On Mon, Apr 03, 2023 at 07:19:15PM +0200, Maciej Fijalkowski wrote:
> On Sun, Apr 02, 2023 at 09:38:37PM +0200, Gerhard Engleder wrote:
> 
> Hey Gerhard,
> 
> > Add support for XSK zero-copy to RX path. The setup of the XSK pool can
> > be done at runtime. If the netdev is running, then the queue must be
> > disabled and enabled during reconfiguration. This can be done easily
> > with functions introduced in previous commits.
> > 
> > A more important property is that, if the netdev is running, then the
> > setup of the XSK pool shall not stop the netdev in case of errors. A
> > broken netdev after a failed XSK pool setup is bad behavior. Therefore,
> > the allocation and setup of resources during XSK pool setup is done only
> > before any queue is disabled. Additionally, freeing and later allocation
> > of resources is eliminated in some cases.
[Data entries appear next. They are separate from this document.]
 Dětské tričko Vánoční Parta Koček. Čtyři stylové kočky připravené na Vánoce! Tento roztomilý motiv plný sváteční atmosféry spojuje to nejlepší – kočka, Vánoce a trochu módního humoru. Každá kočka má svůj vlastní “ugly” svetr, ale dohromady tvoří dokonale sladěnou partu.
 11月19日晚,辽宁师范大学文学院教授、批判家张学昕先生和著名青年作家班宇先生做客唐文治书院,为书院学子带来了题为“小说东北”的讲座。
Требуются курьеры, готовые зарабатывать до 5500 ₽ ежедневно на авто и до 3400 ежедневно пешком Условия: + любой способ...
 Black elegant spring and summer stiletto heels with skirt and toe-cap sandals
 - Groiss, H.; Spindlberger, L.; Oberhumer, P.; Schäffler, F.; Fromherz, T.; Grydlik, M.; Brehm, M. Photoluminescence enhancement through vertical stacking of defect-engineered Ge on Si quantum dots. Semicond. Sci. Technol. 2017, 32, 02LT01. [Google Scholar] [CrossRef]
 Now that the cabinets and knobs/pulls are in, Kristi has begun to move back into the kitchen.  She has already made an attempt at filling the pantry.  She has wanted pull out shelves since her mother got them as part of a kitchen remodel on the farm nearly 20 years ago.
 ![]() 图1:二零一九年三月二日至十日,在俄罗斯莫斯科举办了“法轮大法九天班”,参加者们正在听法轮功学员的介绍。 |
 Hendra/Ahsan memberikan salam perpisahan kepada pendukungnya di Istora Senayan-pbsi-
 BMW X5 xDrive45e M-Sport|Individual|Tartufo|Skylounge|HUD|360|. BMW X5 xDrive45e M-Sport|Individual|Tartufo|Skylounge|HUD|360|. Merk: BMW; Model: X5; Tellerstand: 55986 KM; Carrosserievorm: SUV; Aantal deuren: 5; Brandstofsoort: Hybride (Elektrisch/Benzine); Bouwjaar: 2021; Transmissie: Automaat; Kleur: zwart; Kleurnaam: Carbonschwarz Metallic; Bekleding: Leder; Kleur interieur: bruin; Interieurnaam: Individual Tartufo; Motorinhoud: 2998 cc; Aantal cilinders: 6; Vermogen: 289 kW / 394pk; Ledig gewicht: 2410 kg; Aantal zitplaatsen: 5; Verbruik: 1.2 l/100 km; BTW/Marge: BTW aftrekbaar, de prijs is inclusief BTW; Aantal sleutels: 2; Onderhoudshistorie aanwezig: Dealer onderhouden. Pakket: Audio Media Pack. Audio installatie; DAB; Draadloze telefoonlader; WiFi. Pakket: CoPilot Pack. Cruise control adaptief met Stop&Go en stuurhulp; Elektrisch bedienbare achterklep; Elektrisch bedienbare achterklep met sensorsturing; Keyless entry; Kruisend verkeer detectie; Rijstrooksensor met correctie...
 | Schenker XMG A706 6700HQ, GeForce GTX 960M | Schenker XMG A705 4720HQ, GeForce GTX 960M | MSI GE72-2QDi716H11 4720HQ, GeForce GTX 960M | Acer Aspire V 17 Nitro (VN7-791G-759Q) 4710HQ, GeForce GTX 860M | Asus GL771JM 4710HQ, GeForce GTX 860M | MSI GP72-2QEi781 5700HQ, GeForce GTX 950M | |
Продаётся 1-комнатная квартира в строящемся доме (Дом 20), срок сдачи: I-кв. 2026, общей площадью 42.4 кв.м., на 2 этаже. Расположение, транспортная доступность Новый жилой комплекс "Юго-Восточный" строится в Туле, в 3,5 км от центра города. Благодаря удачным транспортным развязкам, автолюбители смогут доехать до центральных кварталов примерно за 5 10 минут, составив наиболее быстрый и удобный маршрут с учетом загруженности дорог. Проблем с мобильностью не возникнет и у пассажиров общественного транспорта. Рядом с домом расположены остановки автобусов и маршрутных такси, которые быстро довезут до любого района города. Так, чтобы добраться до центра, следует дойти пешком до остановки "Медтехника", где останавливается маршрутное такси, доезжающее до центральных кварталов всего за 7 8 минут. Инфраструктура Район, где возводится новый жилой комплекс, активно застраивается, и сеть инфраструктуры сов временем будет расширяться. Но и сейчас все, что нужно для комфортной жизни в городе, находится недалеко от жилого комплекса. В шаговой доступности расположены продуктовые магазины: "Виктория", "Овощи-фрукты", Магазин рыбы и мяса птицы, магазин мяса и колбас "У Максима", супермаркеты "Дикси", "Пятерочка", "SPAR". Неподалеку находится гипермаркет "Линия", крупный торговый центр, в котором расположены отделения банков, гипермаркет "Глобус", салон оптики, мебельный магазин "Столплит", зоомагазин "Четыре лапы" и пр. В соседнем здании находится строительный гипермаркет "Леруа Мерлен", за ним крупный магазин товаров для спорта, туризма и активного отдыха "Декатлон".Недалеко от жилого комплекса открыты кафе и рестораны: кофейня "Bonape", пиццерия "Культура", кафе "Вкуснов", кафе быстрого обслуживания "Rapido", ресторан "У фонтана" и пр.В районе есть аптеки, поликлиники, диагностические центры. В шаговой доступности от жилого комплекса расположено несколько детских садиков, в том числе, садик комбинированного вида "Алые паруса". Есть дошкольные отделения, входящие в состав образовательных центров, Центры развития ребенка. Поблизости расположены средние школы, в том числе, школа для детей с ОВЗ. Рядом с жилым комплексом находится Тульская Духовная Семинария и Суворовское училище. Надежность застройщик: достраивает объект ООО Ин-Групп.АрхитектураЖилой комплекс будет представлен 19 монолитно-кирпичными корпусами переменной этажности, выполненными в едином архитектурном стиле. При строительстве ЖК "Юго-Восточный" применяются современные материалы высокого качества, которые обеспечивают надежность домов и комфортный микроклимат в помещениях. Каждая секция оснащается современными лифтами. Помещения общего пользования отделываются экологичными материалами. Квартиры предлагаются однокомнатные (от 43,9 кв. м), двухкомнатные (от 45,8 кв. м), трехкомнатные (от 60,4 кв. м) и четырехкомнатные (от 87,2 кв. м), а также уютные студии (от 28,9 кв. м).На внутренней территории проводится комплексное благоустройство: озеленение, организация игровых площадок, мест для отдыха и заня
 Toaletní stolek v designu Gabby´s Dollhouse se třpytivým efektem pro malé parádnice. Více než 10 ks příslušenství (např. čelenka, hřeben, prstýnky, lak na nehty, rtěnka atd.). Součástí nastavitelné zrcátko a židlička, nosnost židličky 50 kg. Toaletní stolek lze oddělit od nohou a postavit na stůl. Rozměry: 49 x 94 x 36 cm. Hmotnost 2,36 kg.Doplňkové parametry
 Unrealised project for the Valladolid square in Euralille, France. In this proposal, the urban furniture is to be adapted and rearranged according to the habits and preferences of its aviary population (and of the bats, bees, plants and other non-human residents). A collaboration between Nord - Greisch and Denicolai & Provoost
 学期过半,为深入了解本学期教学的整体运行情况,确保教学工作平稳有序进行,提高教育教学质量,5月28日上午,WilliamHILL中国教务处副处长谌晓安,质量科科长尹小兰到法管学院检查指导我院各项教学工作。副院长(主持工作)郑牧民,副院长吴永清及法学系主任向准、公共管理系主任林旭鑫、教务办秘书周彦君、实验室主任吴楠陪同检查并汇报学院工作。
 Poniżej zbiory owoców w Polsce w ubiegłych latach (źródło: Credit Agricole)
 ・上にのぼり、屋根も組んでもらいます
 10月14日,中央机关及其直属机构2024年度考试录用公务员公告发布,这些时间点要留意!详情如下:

Page pool entries are kept for
> > later use. Two memory models are registered in parallel. As a result,
> > the XSK pool setup cannot fail during queue reconfiguration.
> > 
> > In contrast to other drivers, XSK pool setup and XDP BPF program setup
> > are separate actions. XSK pool setup can be done without any XDP BPF
> > program. The XDP BPF program can be added, removed or changed without
> > any reconfiguration of the XSK pool.
> 
> I won't argue about your design, but I'd be glad if you would present any
> perf numbers (ZC vs copy mode) just to give us some overview how your
> implementation works out. Also, please consider using batching APIs and
> see if this gives you any boost (my assumption is that it would).
> 
> > 
> > Signed-off-by: Gerhard Engleder <gerhard@engleder-embedded.com>
> > ---
> >  drivers/net/ethernet/engleder/tsnep.h      |   7 +
> >  drivers/net/ethernet/engleder/tsnep_main.c | 432 ++++++++++++++++++++-
> >  drivers/net/ethernet/engleder/tsnep_xdp.c  |  67 ++++
> >  3 files changed, 488 insertions(+), 18 deletions(-)

(...)

> > +
> >  static bool tsnep_xdp_run_prog(struct tsnep_rx *rx, struct bpf_prog *prog,
> >  			       struct xdp_buff *xdp, int *status,
> > -			       struct netdev_queue *tx_nq, struct tsnep_tx *tx)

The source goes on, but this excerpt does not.